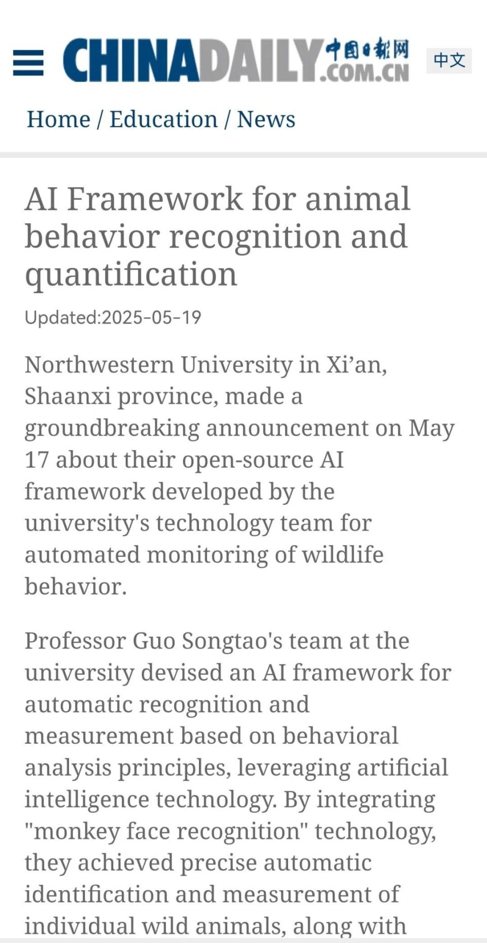 当框架能够精准捕捉动物们的“日常节奏”,为每一个动物个体建立行为档案,不仅为此后的科研建立数据库,也为普通人了解动物的内心世界提供了一个窗口。演示中,团队成员、硕士生王詹打开手机小程序,对准电脑屏幕上的一张猴子照片按下快门,不到5秒钟,结果就出来了。“它叫‘洋葱’,可信度85%。”刘洋说。随后的演示图像中,“洋葱”的整个身体被打上若干个点位标记,分析这些点位的运动规律,就能深度解析其全生命周期的行为意图。
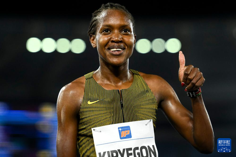 8月30日,肯尼亚选手基普页真在女子1500米决赛后庆祝。她以3分52秒89的成绩夺得冠军。新华社发(安德烈亚·斯塔乔利摄)
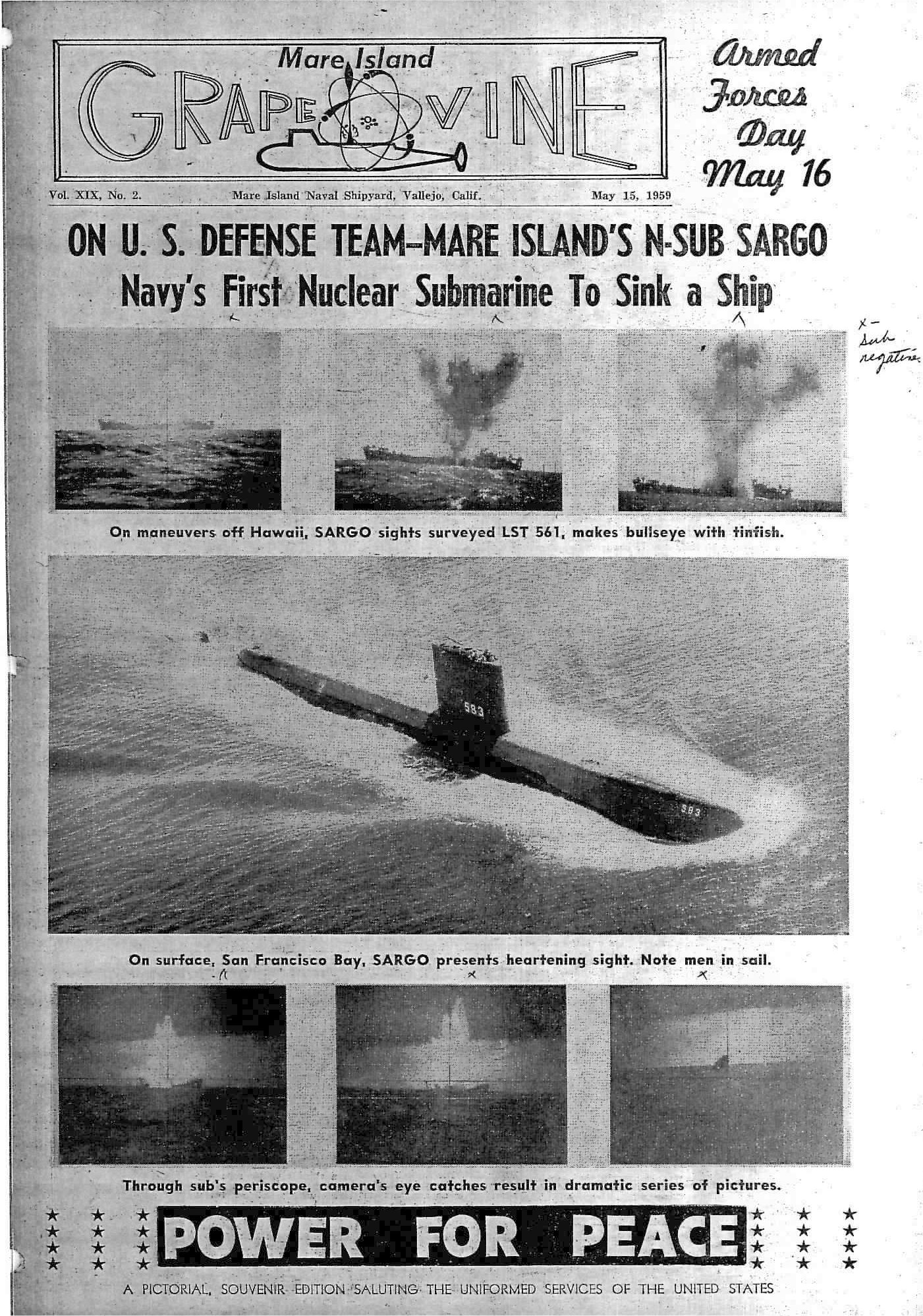 771k | Mare Island Shipyard newspaper the "Grapevine", 15 May 1959 issue with photos of USS Sargo (SSN-583) sinking ex-USS Chittenden County (LST-561), 21 October 1958, off Diamond Head, Hawaii. | Darryl Baker | |
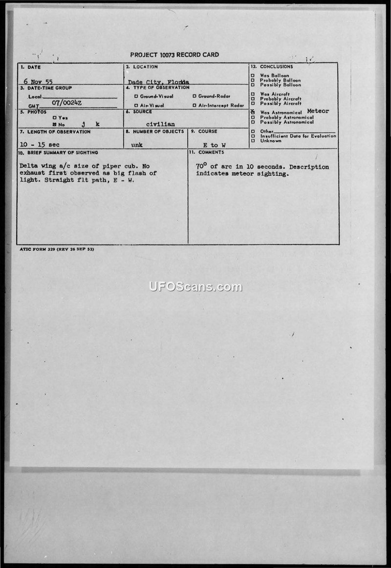 Project 10073 Record Card — Dade City, Florida, 6 November 1955

* **Your instructions**
Word-for-word transcript, pictures excluded: copy all the material above.

* **Response box**
 当框架能够精准捕捉动物们的“日常节奏”,为每一个动物个体建立行为档案,不仅为此后的科研建立数据库,也为普通人了解动物的内心世界提供了一个窗口。演示中,团队成员、硕士生王詹打开手机小程序,对准电脑屏幕上的一张猴子照片按下快门,不到5秒钟,结果就出来了。“它叫‘洋葱’,可信度85%。”刘洋说。随后的演示图像中,“洋葱”的整个身体被打上若干个点位标记,分析这些点位的运动规律,就能深度解析其全生命周期的行为意图。
 8月30日,肯尼亚选手基普页真在女子1500米决赛后庆祝。她以3分52秒89的成绩夺得冠军。新华社发(安德烈亚·斯塔乔利摄)
 771k | Mare Island Shipyard newspaper the "Grapevine", 15 May 1959 issue with photos of USS Sargo (SSN-583) sinking ex-USS Chittenden County (LST-561), 21 October 1958, off Diamond Head, Hawaii. | Darryl Baker | |
 Project 10073 Record Card — Dade City, Florida, 6 November 1955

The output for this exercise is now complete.